2015-06-23T094435Z_78918511_GF10000136490_RTRMADP_3_NORTHKOREA-RIGHTS
United Nations High Commissioner for Human Rights Zeid Ra'ad Al Hussein (left) spoke with South Korean Foreign Minister Yun Byung-se at an opening ceremony for the Office of the United Nations High Commissioner for Human Rights in Seoul on Tuesday. Reuters

North Korean officials said Thursday that they'd "reached a point of no return" in their relationship with South Korea. The comment, made in a statement by North Korea’s Committee for Peaceful Reunification of the Fatherland, came after South Korea opened a United Nations human rights office in Seoul to track what was happening in the neighboring communist country, the Korea Herald reported.

“The South must be aware that it has now passed the point of words,” the committee said. Now, it continued, the two countries face the "ultimate standoff."

The U.N. office opened in Seoul Tuesday, as recommended in a February 2014 report on possible human rights violations by the Democratic People's Republic of Korea, International Business Times previously reported. Staff there were set to monitor and document further violations and "lay the basis for future accountability," High Commissioner Zeid Ra'ad Al Hussein said in a statement. But North Korea rebelled, arguing that creating the office was just a political move to wreck the reputation of the DPRK.

On Thursday, the committee said that South Korean President Park Geun-hye would have to "entirely take the blame for all the ensuing catastrophic consequences in the North-South relations from this moment," Anadolu Agency reported.

The statements were the latest in a series of threats out of North Korea. In March, North Korea announced the South would see "merciless punishment" if it opened the office.

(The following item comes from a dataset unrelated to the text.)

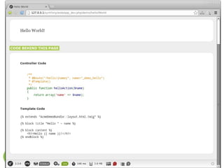 Symfony is a full-stack PHP framework and set of reusable PHP components that provides tools and libraries to build web applications. The document introduces Symfony and explains how to install it using Composer, describes some key components like routing and dependency injection, and encourages readers to try it for themselves.

On Tuesday, a statement appeared on the state news agency's website calling the office an affront to its dignity, the Telegraph reported.

"The DPRK will decisively foil the reckless 'human rights' racket against the DPRK through resolute toughest counteractions," it read. "This is an anachronistic behavior and a grave provocation pushing the inter-Korean confrontation to an extreme phase contrary to the desire of all Koreans for improved inter-Korean relations."